In other words, it's currently possible to construct an XPath like /HTML/BODY as follows:

<?php
$xpath = array_map(
        function ( string $breadcrumb ): string {
                return "/$breadcrumb";
        },
        $processor->get_breadcrumbs()
);

But I'm proposing something like get_element_breadcrumbs() which would return objects for each open tag on the stack instead of just the tag name. So then you could construct a full unambiguous XPath:

<?php
$xpath = array_map(
        function ( WP_Element $breadcrumb ): string {
                $expression = '/*';
                $expression .= sprintf( '[self::*]', $breadcrumb->get_tag() );
                foreach ( array( 'id', 'role', 'class' ) as $attribute_name ) {
                        $attribute = $breadcrumb->get_attribute( $attribute_name );
                        if ( is_string( $attribute ) ) {
                                $expression .= sprintf( '[@%s="%s"]', $breadcrumb->get_tag(), addcslashes( $attribute, '\\"' ) );
                                break;
                        }
                }
                return $expression;
        },
        $processor->get_element_breadcrumbs()
);

Change History (4)

#1 @flixos90
8 weeks ago

  • Milestone changed from Future Release to 6.9

I think these are great ideas, so putting this into the 6.9 milestone for consideration.

@dmsnell It would be great to get your feedback.

#2 @westonruter
8 weeks ago

  • Description modified (diff)

#3 @westonruter
8 weeks ago

  • Description modified (diff)

#4 @dmsnell
7 weeks ago

As you are probably aware, Automattic has paused contributions to WordPress for the moment and I’m unable to give this ticket deep consideration at the moment. Thanks @flixos90 for reaching out to me.

In the past I have opposed the inclusion of this in the Core classes for a few reasons: there’s a measurable performance impact on eagerly tracking all of the node indices. In addition, this cannot be reliably done in the Tag Processor, so it belongs exclusively in the HTML Processor where those guarantees are possible.

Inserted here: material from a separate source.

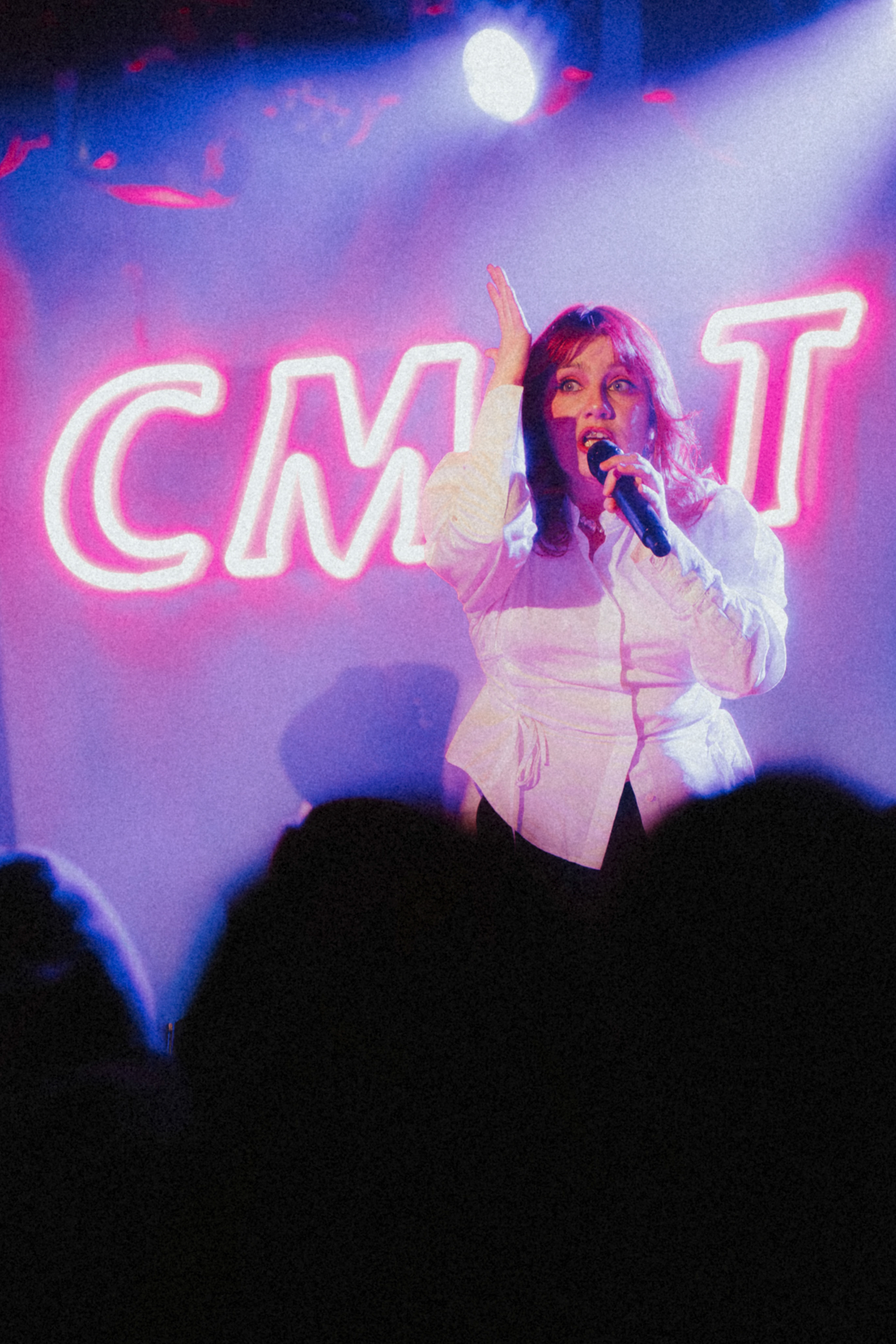 Basement East was buzzing on Sunday before CMAT even stepped onstage. “Before He Cheats”, Carrie Underwood’s scorned-lover anthem, had played twice over the house speakers, turning the audience into a stomping sing-along both times. Right around 9 PM, the room was pitched into darkness, signaling the beginning of something important. The band enters from stage left, but CMAT is nowhere to be seen. “I am a writer,” we hear from above. “Where are you?” cries an excited audience member. “I am a writer,” she says again. The band points to the back of the room and everyone turns on heels. By the time she appeared, weaving her way through the crowd before claiming center stage, the night already felt charged.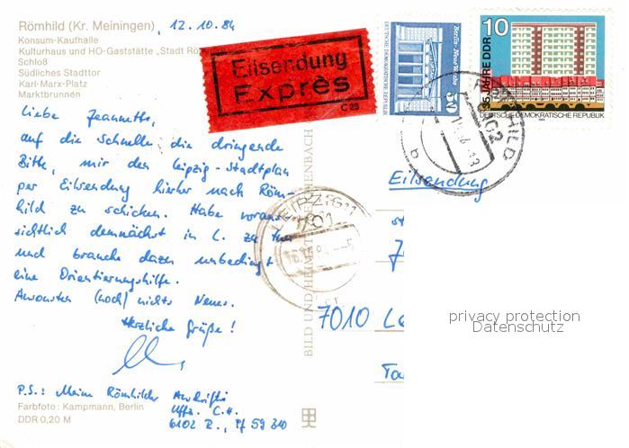 72628513 alte Postkarte Roemhild Konsum Kaufhalle Kulturhaus HOG Stadt Roemhild Schloss Suedl Stadttor Karl Marx Platz Marktbrunnen postalisch gelaufen Erhaltung siehe scans [WerneD78] KatCode: 11110016069038

Finally, I suggest leaning hard into the subclass for things that are currently possible. I’m not sure how generic the specific form of XPath construction is going to be outside of the Optimization Detective.

There is an implementation detail I’ve thought a lot about called a “Fir Tree” which would track the locations of all nodes in a document in something not too dissimilar from React’s virtual DOM. There could be ways of deriving the node indices from that approach, though I will not be working on this in the foreseeable future.

Should this end up in Core I would prefer seeing it be an opt-in mechanism, since we’ve tried to make all performance impacts a developer choice, where nothing is surprisingly costly. If it isn’t essential, it’d be best to leave it off until someone needs it.

Thank you both for working on this!

Note: See TracTickets for help on using tickets.